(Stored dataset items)
--------------------------------------------------
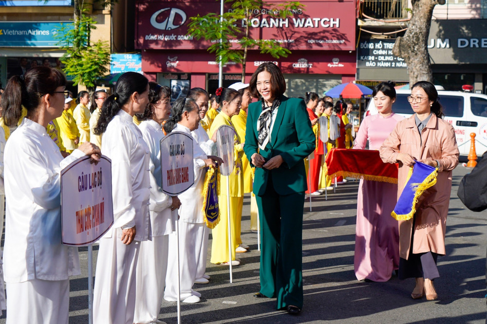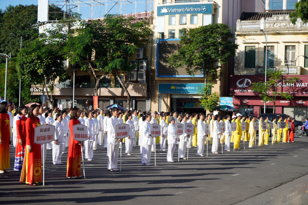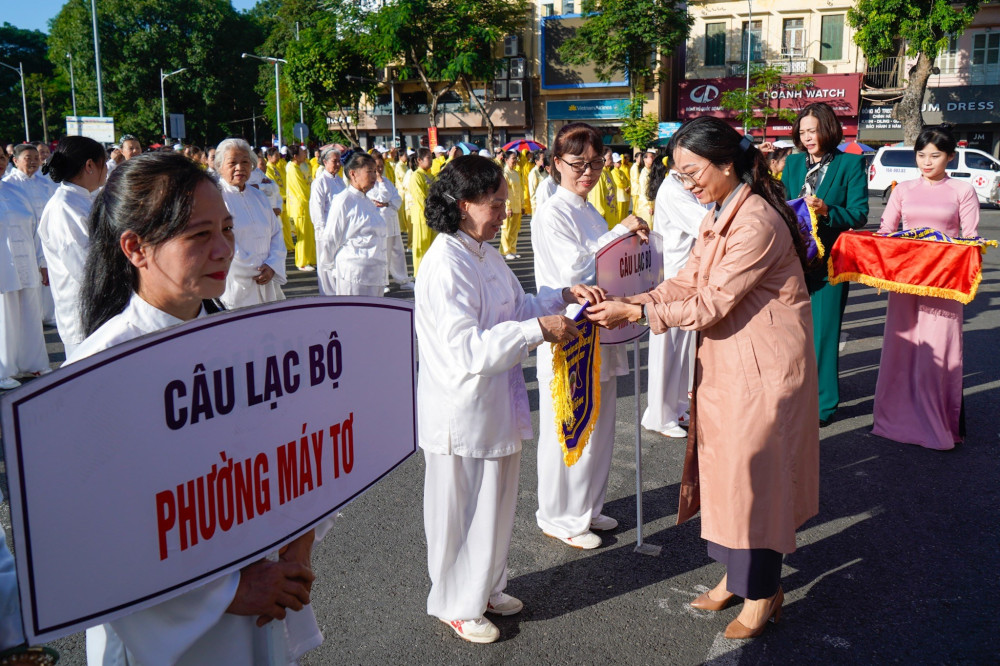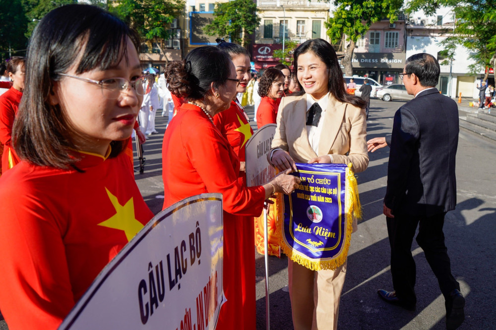 Phát biểu tại khai mạc chương trình đồng diễn, Giám đốc Sở Văn hóa và Thể thao Trần Thị Hoàng Mai nhấn mạnh: Trong những năm qua, các môn, nội dung hoạt động thể dục, thể thao quần chúng của người cao tuổi phát triển nhanh cả về số lượng và chất lượng như đi bộ, bóng chuyền hơi, cầu lông… đặc biệt là tập luyện dưỡng sinh, nhảy dân vũ. Các nội dung này được phát triển mạnh ở các thôn, xóm, khu phố, tổ dân phố. Phong trào tập luyện thể dục thường xuyên của người trung cao tuổi trên địa bàn thành phố đã tạo sân chơi bổ ích để người trung cao tuổi giao lưu, trao đổi, lan tỏa, học tập kinh nghiệm, đồng thời cũng giúp người cao tuổi tăng cường sức khỏe. Để tổ chức thành công Chương trình đồng diễn thể dục các CLB Người cao tuổi, Giám đốc Sở Văn hóa và Thể thao yêu cầu các đơn vị liên quan và các thành viên Ban Tổ chức phối hợp chặt chẽ, tổ chức chu đáo, bảo đảm an toàn, tạo mọi điều kiện thuận lợi để chương trình đồng diễn đạt kết quả cao.
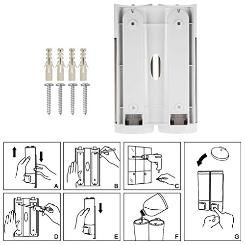 【Installazione Semplice】 Il dispenser di shampoo e disinfettante è facile da installare, i fori per le viti sul retro della staffa vengono utilizzati per l'installazione e il fissaggio e l'installazione è solida e non facile da staccare. Nota: serrare la testa della pompa durante l'installazione per evitare che si allenti.
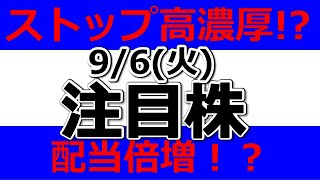 ストップ高濃厚!?配当倍増!?【9月6日(火)の注目銘柄まとめ】本日の株式相場振り返りと明日の注目銘柄・注目株・好材料・サプライズ決算を解説、株式投資の参考に
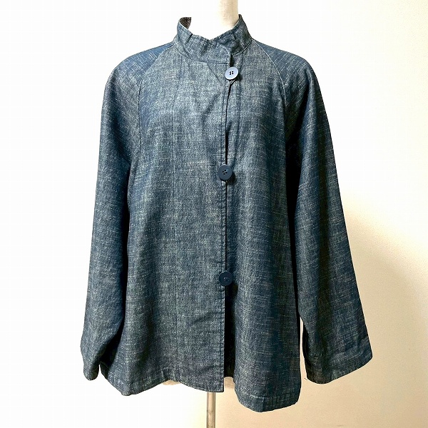 商品名(タイトル):#anc 群言堂 石見銀山 グンゲンドウ ジャケット 紺系 スタンドカラー デニム調 薄手 美品 レディース [940877]
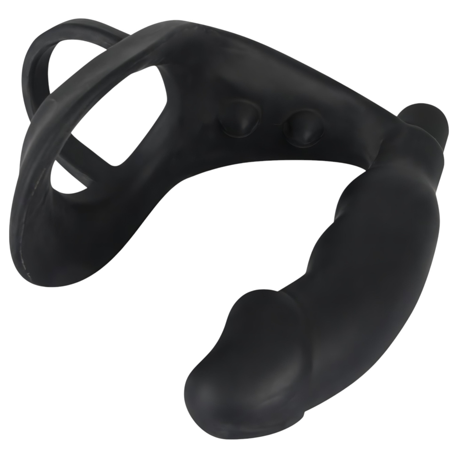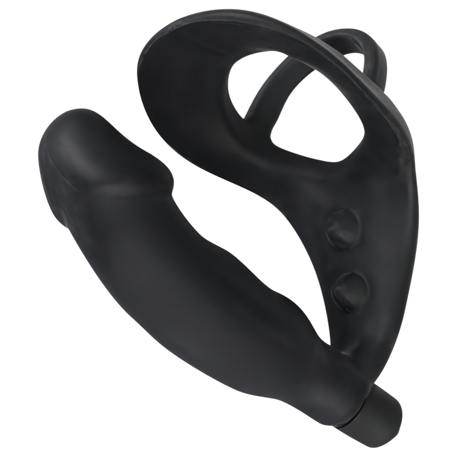 Black Velvet penisanalvibratoren tilbyr en unik dobbel opplevelse! Penis- og testikkelringen sørger for langvarig, kraftig ereksjon, mens den penisformede analvibratoren gir dypgående stimulering.
--------------------------------------------------
▶ _WHAT YOU SHOULD DO_: In your answer, repeat all the entries exactly, but leave out the pictures.

▶ _RESPONSE BELOW_:
 Phát biểu tại khai mạc chương trình đồng diễn, Giám đốc Sở Văn hóa và Thể thao Trần Thị Hoàng Mai nhấn mạnh: Trong những năm qua, các môn, nội dung hoạt động thể dục, thể thao quần chúng của người cao tuổi phát triển nhanh cả về số lượng và chất lượng như đi bộ, bóng chuyền hơi, cầu lông… đặc biệt là tập luyện dưỡng sinh, nhảy dân vũ. Các nội dung này được phát triển mạnh ở các thôn, xóm, khu phố, tổ dân phố. Phong trào tập luyện thể dục thường xuyên của người trung cao tuổi trên địa bàn thành phố đã tạo sân chơi bổ ích để người trung cao tuổi giao lưu, trao đổi, lan tỏa, học tập kinh nghiệm, đồng thời cũng giúp người cao tuổi tăng cường sức khỏe. Để tổ chức thành công Chương trình đồng diễn thể dục các CLB Người cao tuổi, Giám đốc Sở Văn hóa và Thể thao yêu cầu các đơn vị liên quan và các thành viên Ban Tổ chức phối hợp chặt chẽ, tổ chức chu đáo, bảo đảm an toàn, tạo mọi điều kiện thuận lợi để chương trình đồng diễn đạt kết quả cao.
 【Installazione Semplice】 Il dispenser di shampoo e disinfettante è facile da installare, i fori per le viti sul retro della staffa vengono utilizzati per l'installazione e il fissaggio e l'installazione è solida e non facile da staccare. Nota: serrare la testa della pompa durante l'installazione per evitare che si allenti.
 ストップ高濃厚!?配当倍増!?【9月6日(火)の注目銘柄まとめ】本日の株式相場振り返りと明日の注目銘柄・注目株・好材料・サプライズ決算を解説、株式投資の参考に
 商品名(タイトル):#anc 群言堂 石見銀山 グンゲンドウ ジャケット 紺系 スタンドカラー デニム調 薄手 美品 レディース [940877]
 Black Velvet penisanalvibratoren tilbyr en unik dobbel opplevelse! Penis- og testikkelringen sørger for langvarig, kraftig ereksjon, mens den penisformede analvibratoren gir dypgående stimulering.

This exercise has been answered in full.